(Input)

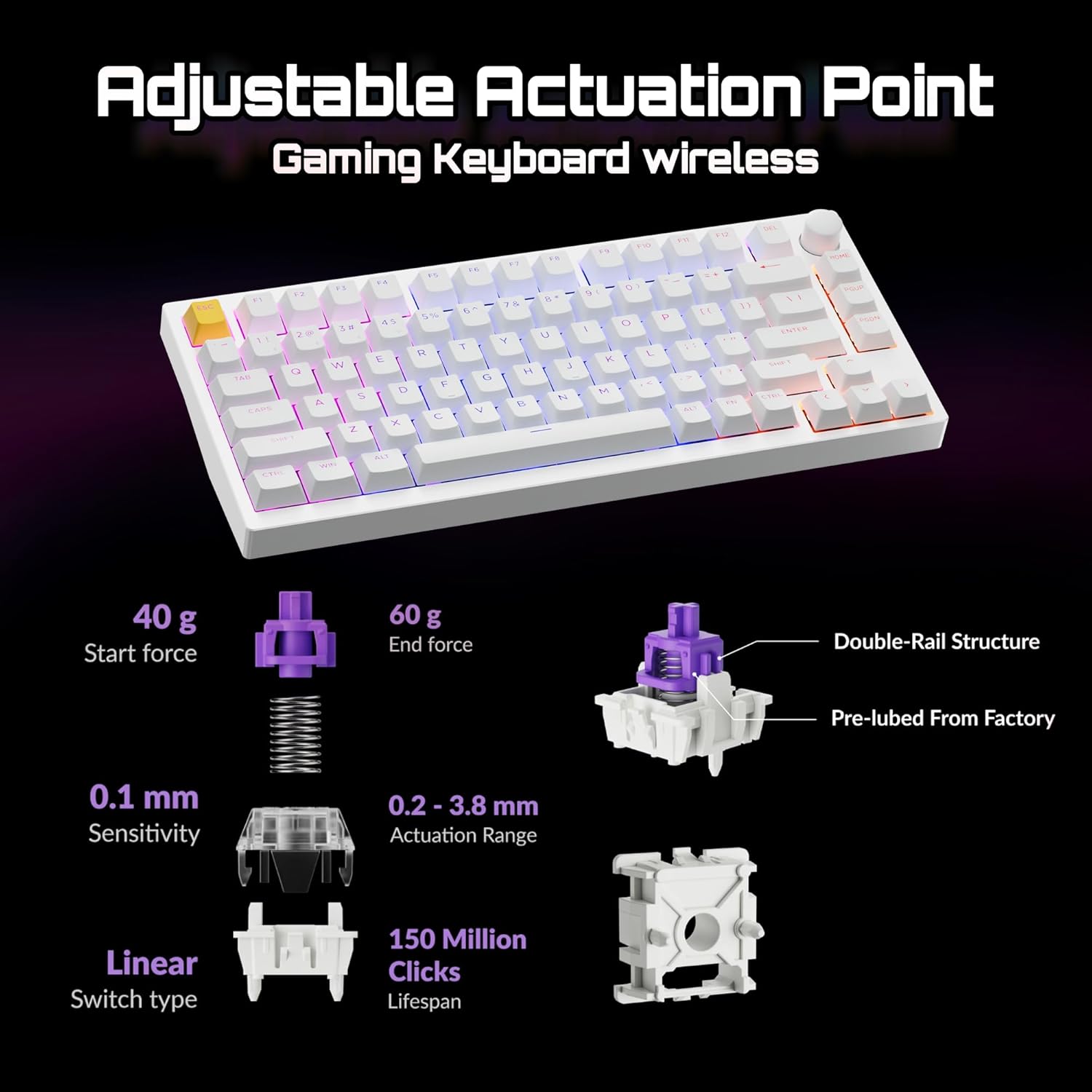 P1 HE 75% Wireless Custom Mechanical Gaming Keyboard with Gateron Double-Rail Magnetic Switches Knob Version, QMK 2.4 GHz Bluetooth 5.2 RGB Backlight Compatible with Mac Windows Linux-White
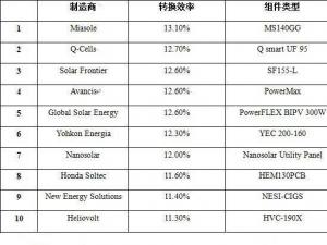 太陽能光伏行業(yè)發(fā)展至今最為人詬病的一項就是發(fā)電成本較高,而光伏組件轉(zhuǎn)換效率是其中的關(guān)鍵因素。提高光伏組件的轉(zhuǎn)化效率是普及太陽能發(fā)電應(yīng)用的重中之重。幾年前,著名薄膜電池板制造企業(yè)Nanosolar提出了太陽能產(chǎn)業(yè)的“三次技術(shù)革新浪潮”概念。將以太陽能級硅和硅片為原材料的晶體硅電池作為第一次技術(shù)革新浪潮;將薄膜太陽能電池列為第二次技術(shù)革新浪潮;最新一個是以柔性電池為代表。早在2000年,全世界太陽能光伏行業(yè)就定下了2020年的行業(yè)目標:(1)把單晶硅電池的轉(zhuǎn)換效率從16.5%提高到22%;(2)把多晶硅電池的轉(zhuǎn)換效率從14.5%提高到20%;(3)a-Si/uc-Si、CIGS和CdTe薄膜電池的轉(zhuǎn)換效率提高到10%-15%。值得慶幸的是,近幾年太陽能產(chǎn)業(yè)在這幾方面都取得了不小的進步。下面為您盤點一下到目前為止全球十大轉(zhuǎn)換效率最高的CI(G)S光伏組件。
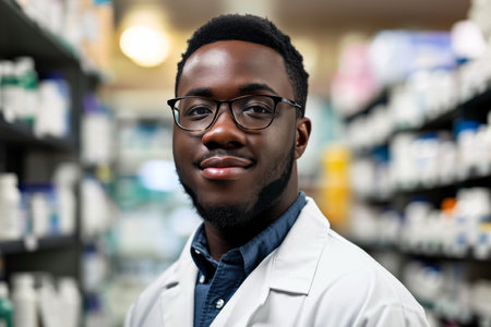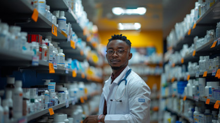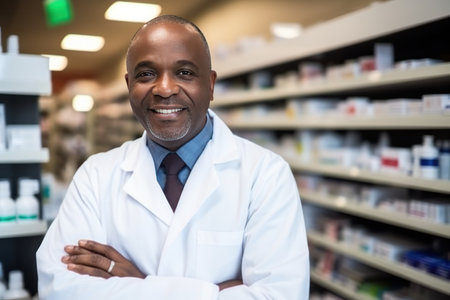Confident African American male pharmacist in a white coat posing in a well-stocked pharmacy, representing healthcare professionalism.
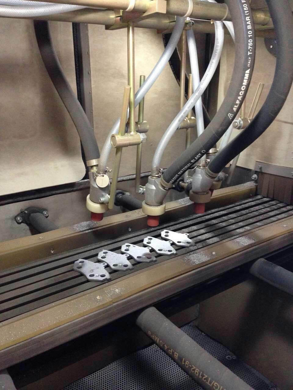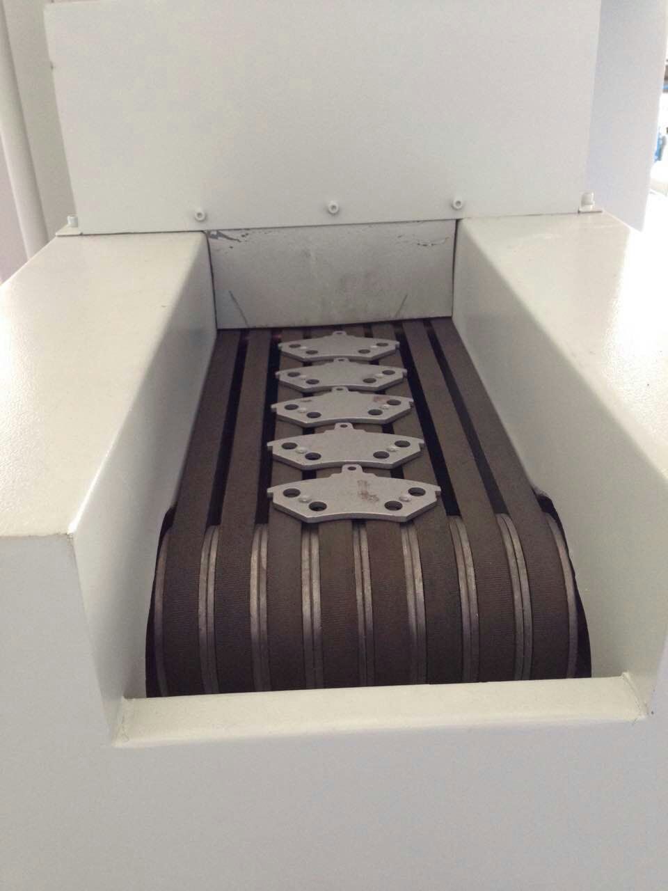 剎車片的生產(chǎn)過程中質(zhì)量尤為關鍵,其中最重要的一個生產(chǎn)環(huán)節(jié),鐵才與剎車片雛形粘合,粘合前需要通過自動噴砂機,才能有效的粘合。
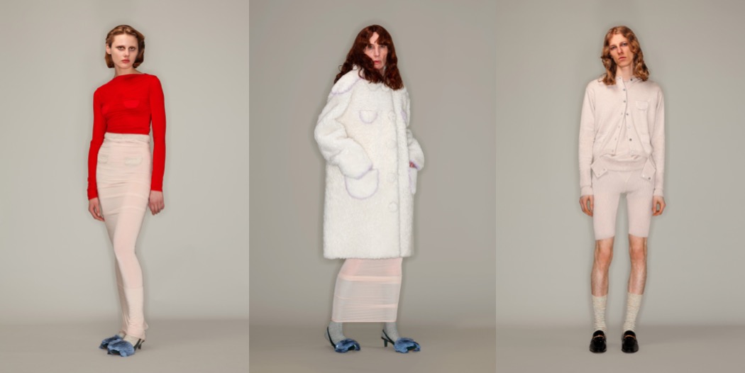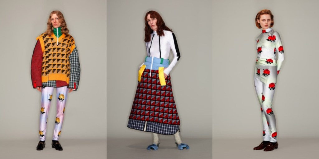 The comedy (and drama) of a family portrait is one of the concepts that informed Meryll Rogge’s autumn-winter 2023 collection. Called “The Holiday Album“, it was inspired by a variety of sources, from Home Alone to Rogge’s very personal memories of Y2k – the event and the aesthetic. The Belgian designer’s latest collection included a group of ski-thermal pieces including a body-con dress and bodysuit with unexpected pockets that complimented the more directly ski and apres-ski looks, like quilted nylon outerwear and tulle-padded pants. The snowiest and most luxe piece was a hand-worked upcycled shearling coat. Only a few will be made. What was notable about the suiting this season was the trouser silhouette; Rogge opted for cigarette – or in the context of this collection, maybe peppermint stick is a better description – legs. Those grays were overpowered by the more vibrant and extravagant party looks. Known for her hybrid pieces, the designer not only fused tartan to denim jeans, but added a sort of fishtail or kick hem, revealing the lining that flutters as the wearer walks. Plaids were also made into more pajama-like looks. Conifers seemed to have inspired the A-line shapes, while Christmas tree tinsel was translated into crinkled metallics and satins, and many pieces were ornamented with large, dense, sequins. One of the best bits of the offering was a deconstructed dress in pink satin with mismatched vintage buttons. Roses stood in for poinsettias, too obvious a reference, the designer said, and they added dimensionality and fun to a pair of Rudolf-red briefs and a glorious, hand-embroidered dress with a Poiret-like silhouette. There was even a boxy “present” dress of red Lurex, the most literal take on the theme. This kind of very eclectic, general incoherence made sense in light of the (now very well exhausted) Y2K theme, and because holidays bring disparate family members (chosen or real) together.
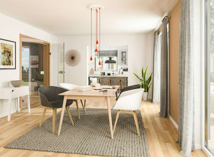 Das Landhaus 142 besticht durch sein ländliches Flair genauso wie durch seine zeitlose Eleganz. Hier findet garantiert jeder seinen Platz. Die großzügig geschnittenen, lichtdurchfluteten Räume auf beiden Ebenen warten nur noch auf Ihre Gestaltungsideen. Zu den Mahlzeiten trifft sich die ganze Familie in der Küche und auch das Wohnzimmer eignet sich hervorragend für gemütliche Stunden oder fröhliches Beisammensein.
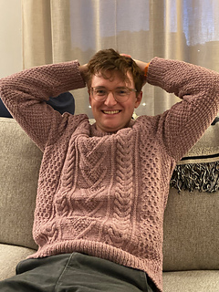 This classic Aran is the men’s version of the Cambridge pullover, with traditional cable stitches paired with varied stitch patterns. Some cables have been modified from the women’s version for a more masculine look and so they can be worked a bit faster. It has minimal shaping and is worked flat, from the bottom up. With a comfortable fit, this is perfect for an heirloom sweater that will last years and years.
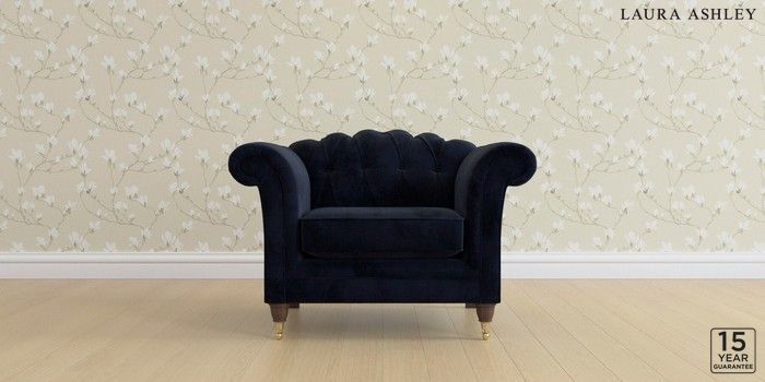 6.12.13 Buy Gloucester Button Back by Laura Ashley Armchair Orla Midnight Navy Low Brass Castor - Chestnut from the Next UK online shop Click here to use our accessible website

(End Input)

=== Exercise description ===
From the first line to the last, copy the records exactly and skip the pictures.

=== Reply ===
 P1 HE 75% Wireless Custom Mechanical Gaming Keyboard with Gateron Double-Rail Magnetic Switches Knob Version, QMK 2.4 GHz Bluetooth 5.2 RGB Backlight Compatible with Mac Windows Linux-White
 太陽能光伏行業(yè)發(fā)展至今最為人詬病的一項就是發(fā)電成本較高,而光伏組件轉(zhuǎn)換效率是其中的關(guān)鍵因素。提高光伏組件的轉(zhuǎn)化效率是普及太陽能發(fā)電應(yīng)用的重中之重。幾年前,著名薄膜電池板制造企業(yè)Nanosolar提出了太陽能產(chǎn)業(yè)的“三次技術(shù)革新浪潮”概念。將以太陽能級硅和硅片為原材料的晶體硅電池作為第一次技術(shù)革新浪潮;將薄膜太陽能電池列為第二次技術(shù)革新浪潮;最新一個是以柔性電池為代表。早在2000年,全世界太陽能光伏行業(yè)就定下了2020年的行業(yè)目標:(1)把單晶硅電池的轉(zhuǎn)換效率從16.5%提高到22%;(2)把多晶硅電池的轉(zhuǎn)換效率從14.5%提高到20%;(3)a-Si/uc-Si、CIGS和CdTe薄膜電池的轉(zhuǎn)換效率提高到10%-15%。值得慶幸的是,近幾年太陽能產(chǎn)業(yè)在這幾方面都取得了不小的進步。下面為您盤點一下到目前為止全球十大轉(zhuǎn)換效率最高的CI(G)S光伏組件。
Confident African American male pharmacist in a white coat posing in a well-stocked pharmacy, representing healthcare professionalism.
 剎車片的生產(chǎn)過程中質(zhì)量尤為關鍵,其中最重要的一個生產(chǎn)環(huán)節(jié),鐵才與剎車片雛形粘合,粘合前需要通過自動噴砂機,才能有效的粘合。
 The comedy (and drama) of a family portrait is one of the concepts that informed Meryll Rogge’s autumn-winter 2023 collection. Called “The Holiday Album“, it was inspired by a variety of sources, from Home Alone to Rogge’s very personal memories of Y2k – the event and the aesthetic. The Belgian designer’s latest collection included a group of ski-thermal pieces including a body-con dress and bodysuit with unexpected pockets that complimented the more directly ski and apres-ski looks, like quilted nylon outerwear and tulle-padded pants. The snowiest and most luxe piece was a hand-worked upcycled shearling coat. Only a few will be made. What was notable about the suiting this season was the trouser silhouette; Rogge opted for cigarette – or in the context of this collection, maybe peppermint stick is a better description – legs. Those grays were overpowered by the more vibrant and extravagant party looks. Known for her hybrid pieces, the designer not only fused tartan to denim jeans, but added a sort of fishtail or kick hem, revealing the lining that flutters as the wearer walks. Plaids were also made into more pajama-like looks. Conifers seemed to have inspired the A-line shapes, while Christmas tree tinsel was translated into crinkled metallics and satins, and many pieces were ornamented with large, dense, sequins. One of the best bits of the offering was a deconstructed dress in pink satin with mismatched vintage buttons. Roses stood in for poinsettias, too obvious a reference, the designer said, and they added dimensionality and fun to a pair of Rudolf-red briefs and a glorious, hand-embroidered dress with a Poiret-like silhouette. There was even a boxy “present” dress of red Lurex, the most literal take on the theme. This kind of very eclectic, general incoherence made sense in light of the (now very well exhausted) Y2K theme, and because holidays bring disparate family members (chosen or real) together.
 Das Landhaus 142 besticht durch sein ländliches Flair genauso wie durch seine zeitlose Eleganz. Hier findet garantiert jeder seinen Platz. Die großzügig geschnittenen, lichtdurchfluteten Räume auf beiden Ebenen warten nur noch auf Ihre Gestaltungsideen. Zu den Mahlzeiten trifft sich die ganze Familie in der Küche und auch das Wohnzimmer eignet sich hervorragend für gemütliche Stunden oder fröhliches Beisammensein.
 This classic Aran is the men’s version of the Cambridge pullover, with traditional cable stitches paired with varied stitch patterns. Some cables have been modified from the women’s version for a more masculine look and so they can be worked a bit faster. It has minimal shaping and is worked flat, from the bottom up. With a comfortable fit, this is perfect for an heirloom sweater that will last years and years.
 6.12.13 Buy Gloucester Button Back by Laura Ashley Armchair Orla Midnight Navy Low Brass Castor - Chestnut from the Next UK online shop Click here to use our accessible website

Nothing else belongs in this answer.